Channel9.id – Jakarta. Direktur Reserse Kriminal Umum (Dirkrimum) Polda Metro Jaya Kombes Iman Imanuddin mengatakan pihaknya telah melimpahkan penyelidikan kasus penyiraman air keras terhadap Wakil Koordinator Komisi untuk Orang Hilang dan Korban Tindak Kekerasan (KontraS) Andrie Yunus ke Pusat Polisi Militer (Puspom) TNI.
“Saat ini dapat kami laporkan kepada pimpinan bahwa permasalahan tersebut sudah kami limpahkan ke Puspom TNI,” ujar Iman dalam rapat bersama Komisi III DPR di Gedung DPR, Senayan, Jakarta, Selasa (31/3/2026).
Iman sebelumnya diminta oleh Ketua Komisi III DPR Habiburokhman untuk memberi update penanganan kasus Andrie Yunus. Namun, Iman hanya memberikan penjelasan singkat.

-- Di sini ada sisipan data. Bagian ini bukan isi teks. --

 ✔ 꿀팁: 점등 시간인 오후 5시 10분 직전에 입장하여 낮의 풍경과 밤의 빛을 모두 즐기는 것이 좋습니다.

“Perkenankan kami menyampaikan perkembangan hasil penyelidikan yang kami lakukan terkait dengan suatu peristiwa hukum yang terjadi dan menimpa Saudara Andrie Yunus,” jelas Iman.

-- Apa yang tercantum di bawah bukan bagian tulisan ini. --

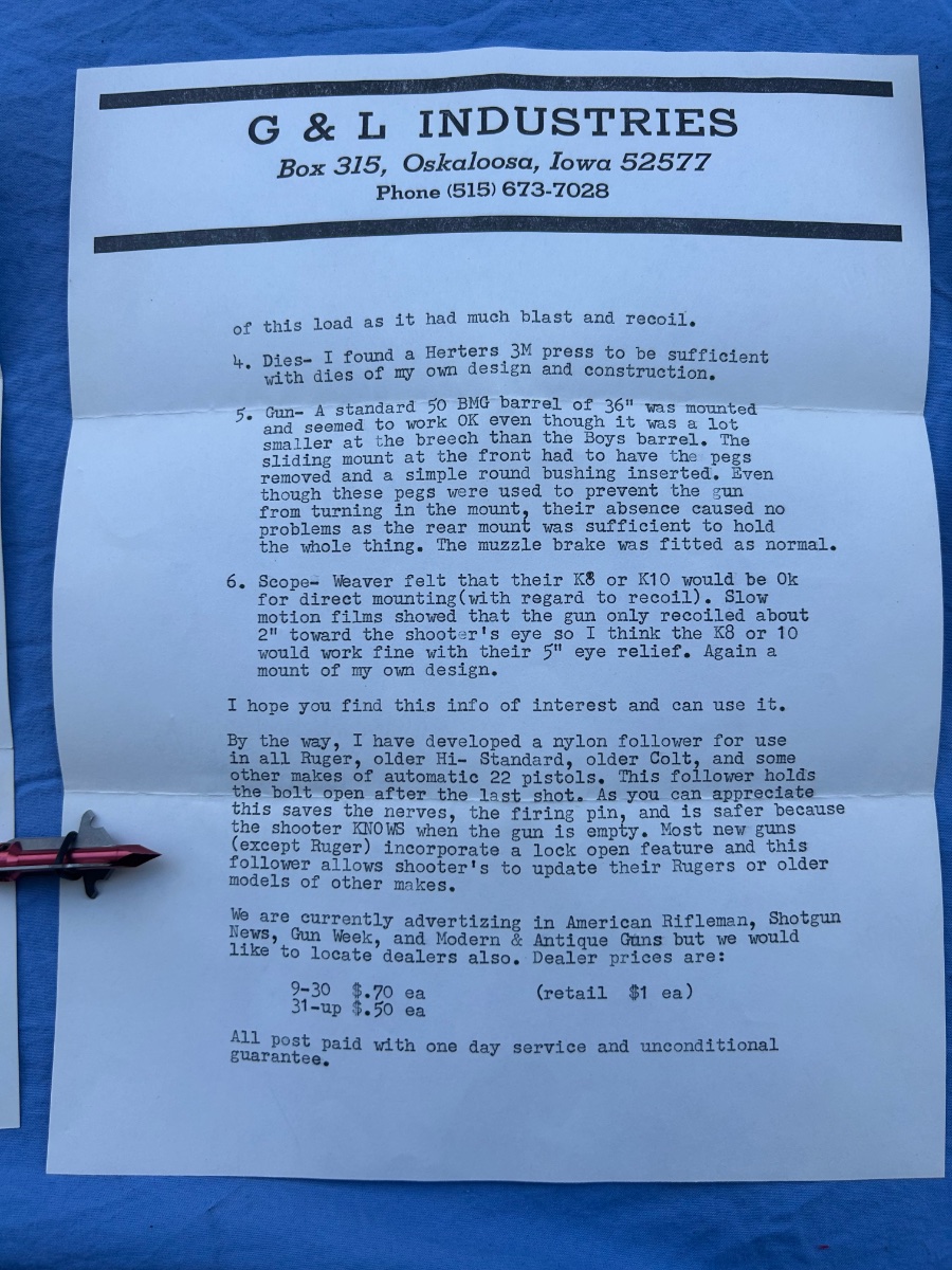 Look at section of letter pointed to by the broadhead…. But the info on the 50 cal is pretty interesting..

“Pasca kami menerima laporan, selanjutnya kami melakukan penyelidikan. Dan dari hasil penyelidikan tersebut, setelah kami menemukan fakta-fakta dari hasil penyelidikan tersebut. Demikian kami laporkan, pimpinan,” sambungnya.
Andrie Yunus disiram air keras di kawasan Jalan Salemba I, Jakarta Pusat, pada 12 Maret 2026. Saat ini, ia masih menjalani perawatan intensif di ruang High Care Unit (HCU) RSCM Jakarta.

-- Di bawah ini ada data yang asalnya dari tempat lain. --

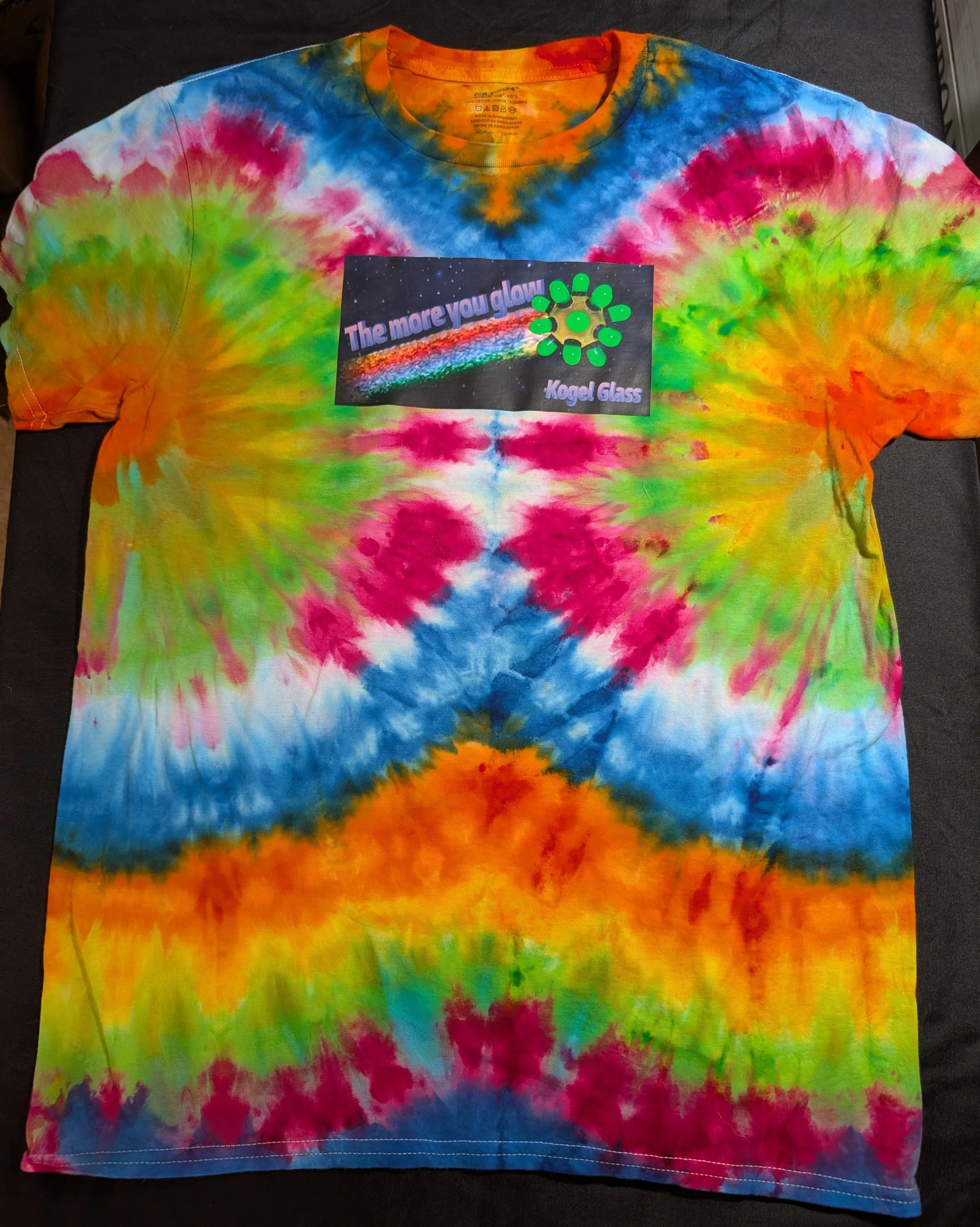 Medium size T-shirt hand tie-dyed by Tina with glow in the dark Kogel Glass image on front

Kejadian tersebut menyebabkan luka bakar kimia mencapai 24 persen yang meliputi wajah, dada, serta kedua lengan. Tim medis juga melaporkan adanya iskemia (kekurangan aliran darah) pada sekitar 40 persen area mata kanan yang menyebabkan penipisan jaringan kornea.
Sejauh ini, Andrie telah menjalani sejumlah tindakan medis, termasuk pembersihan jaringan mati (debridement) dan cangkok kulit. Masa pemulihan total diperkirakan dapat berlangsung hingga dua tahun.
Dalam kasus ini, ada empat anggota BAIS TNI yang telah diamankan karena terlibat penyiraman Andrie. Namun, pihak TNI sampai saat ini tidak menjelaskan motif serta dalang penyiraman terhadap aktivis HAM tersebut.